Akash Guidebook

Maintaining and Rotating Kubernetes/etcd Certificates: A How-To Guide


When K8s certs expire, you won't be able to use your cluster. Make sure to rotate your certs proactively.
The following procedure explains how to rotate them manually.
Evidence that the certs have expired:
root@node1:~# kubectl get nodes -o wide
error: You must be logged in to the server (Unauthorized)
You can always view the certs expiration using the kubeadm certs check-expiration command:
root@node1:~# kubeadm certs check-expiration
[check-expiration] Reading configuration from the cluster...
[check-expiration] FYI: You can look at this config file with 'kubectl -n kube-system get cm kubeadm-config -o yaml'
[check-expiration] Error reading configuration from the Cluster. Falling back to default configuration
admin.conf Feb 20, 2023 17:12 UTC <invalid> ca no
apiserver Mar 03, 2023 16:42 UTC 10d ca no
!MISSING! apiserver-etcd-client
apiserver-kubelet-client Feb 20, 2023 17:12 UTC <invalid> ca no
controller-manager.conf Feb 20, 2023 17:12 UTC <invalid> ca no
!MISSING! etcd-healthcheck-client
!MISSING! etcd-peer
!MISSING! etcd-server
front-proxy-client Feb 20, 2023 17:12 UTC <invalid> front-proxy-ca no
scheduler.conf Feb 20, 2023 17:12 UTC <invalid> ca no
ca Feb 18, 2032 17:12 UTC 8y no
!MISSING! etcd-ca
front-proxy-ca Feb 18, 2032 17:12 UTC 8y no

Rotate K8s Certs

Backup etcd DB

It is crucial to back up your etcd DB as it contains your K8s cluster state! So make sure to backup your etcd DB first before rotating the certs!

Take the etcd DB Backup

Replace the etcd key & cert with your locations found in the prior steps
export $(grep -v '^#' /etc/etcd.env | xargs -d '\n')
etcdctl -w table member list
etcdctl endpoint health --cluster -w table
etcdctl endpoint status --cluster -w table
etcdctl snapshot save node1.etcd.backup
You can additionally backup the current certs:
tar czf etc_kubernetes_ssl_etcd_bkp.tar.gz /etc/kubernetes /etc/ssl/etcd

Renew the Certs

IMPORTANT: For an HA Kubernetes cluster with multiple control plane nodes, the kubeadm certs renew command (followed by the kube-apiserver, kube-scheduler, kube-controller-manager pods and etcd.service restart) needs to be executed on all the control-plane nodes, on one control plane node at a time, starting with the primary control plane node.

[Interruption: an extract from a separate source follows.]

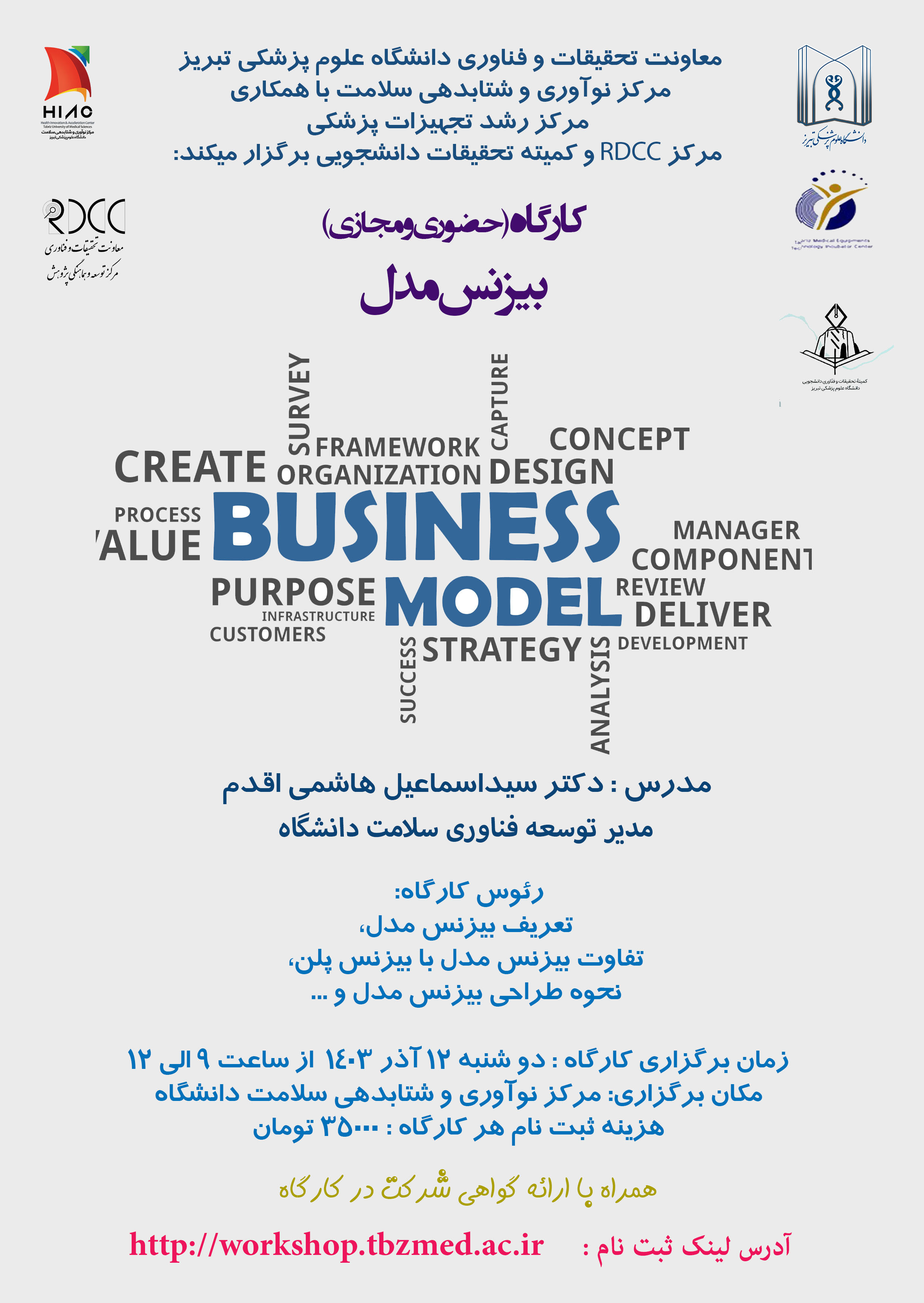 مرکز نوآوری و شتابدهی سلامت دانشگاه کارگاه حضوری و مجازی " بیزنس مدل" را روز دوشنبه 12 آذرماه 1403 برگزار می کند

This approach ensures that the cluster remains operational throughout the certificate renewal process and that there is always at least one control plane node available to handle API requests. To find out whether you have an HA K8s cluster (multiple control plane nodes) use this command kubectl get nodes -l node-role.kubernetes.io/control-plane
Now that you have the etcd DB backup, you can rotate the K8s certs using the following commands:

Rotate the k8s Certs

kubeadm certs renew all

Update your kubeconfig

mv -vi /root/.kube/config /root/.kube/config.old
cp -pi /etc/kubernetes/admin.conf /root/.kube/config

Bounce the following services in this order

kubectl -n kube-system delete pods -l component=kube-apiserver
kubectl -n kube-system delete pods -l component=kube-scheduler
kubectl -n kube-system delete pods -l component=kube-controller-manager
systemctl restart etcd.service

Verify the Certs Status

kubeadm certs check-expiration
Repeat the process for all control plane nodes, one at a time, if you have a HA Kubernetes cluster.